I believe that, same as humans, LLMs already try to provide references when requested, or if the style/format (such as lecture) prompts for having them. Just remember that famous anecdote where a lawyer used ChatGPT and it wrote a speech and provided believable references (then judge threw this out of court because quality/reliability is another problem - which is out of scope, though).

nimski 971 days ago

You're right. I think it's fair to carve out fiction from my argument. For that, I would surely go to the source material until the point where the LLM was coming up with better long-form fiction de-novo. But for non-fiction, which I would guess is the economically and intellectually more important category to protect, the effects may be devastating.

I also agree that attribution can't be solved easily in the current paradigm. Perhaps, during training, one could deduce how much of the net gradient on a particular weight was derived from the batches covering some book, and then during inference, assign attribution based on the effect of that weight on the output. All of this is very expensive to do, and I don't have strong intuitions for whether the resulting attributions would be in any way meaningful.

To your point about hallucinations, if there's not a solution to that, then perhaps the whole point is moot when, after a while, the hype dies down. But if somehow hallucinations are solved (I don't see a technical way this can happen now, but who knows?), then I think we'll need to address attribution for non-technical material.

TJSomething 971 days ago

My impression is that attribution on limited datasets isn't terribly hard. If you can prompt the LLM to say a sentence that is approximately in the source material, then the nearest sentence vector in the source material can be looked up in a vector DB, which can attribute it in context.

I think this might be one of the few places where LLMs can provide straightforward value, since it can work as a search engine that can accept vague queries, create approximate answers, fetch the real answers, translate the source material into layman's terms with citations, and allow the newly informed user to refine or dig deeper with that context. The most dangerous part is translation, and the data I've seen show that transformers almost never hallucinate on tasks where no external knowledge is needed.

WalterBright 971 days ago

> without LLMs hallucinating me anything

That's the trouble with LLMs. You cannot rely on what it is regurgitating.

dbtc 971 days ago

> If that exists, why would anyone buy the book?
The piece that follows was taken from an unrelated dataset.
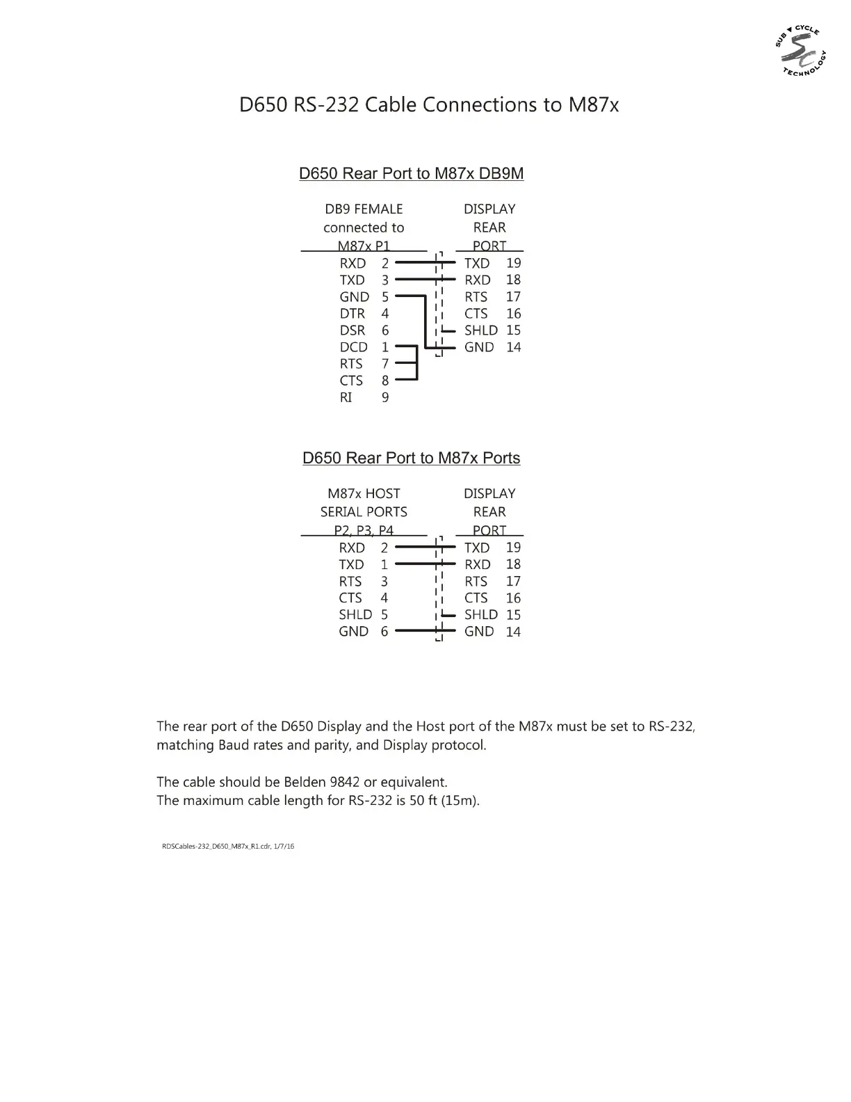 Figure 4B - Typical RS-232 Wiring for D650 Display

Because (if the book affords it), reading can be a form of psychic traveling. A reader enters an altered state of consciousness, lives in the world of the book, and comes back changed.

A summary of the information and 'plot points' would seem like a replacement only for those who have never really been absorbed in reading a book.

two_in_one 971 days ago

> why would anyone buy the book? If I could ask ChatGPT to "summarize

Summary is not the same as reading the book. Anyone can read reviews, human written summaries, on internet, or even some analyses, instead of asking AI model or buying a book. AI model usually cannot reproduce even small fragments. But it can indefinitely 'creatively' fantasize in books universe. Usually messing facts and mixing it all with other books.

By the way model doesn't have to be as big as ChatGPT. Anyone with good gaming GPU can get an open source free model and train it for academic research. Mixing fantasy with something else can produce interesting results.

Alifatisk 971 days ago

> If I could ask ChatGPT to "summarize the new book by XYZ", then spend an hour or two asking the questions _I_ have about the book from it, then buying the book would be a net negative.

I believe you lose some data when doing so, summarizing is good when you want to get the gist of it, but not good when you want the actual details.

I know, this sounds very obvious but some people seriously jump to a summary directly and believe that is enough when they research.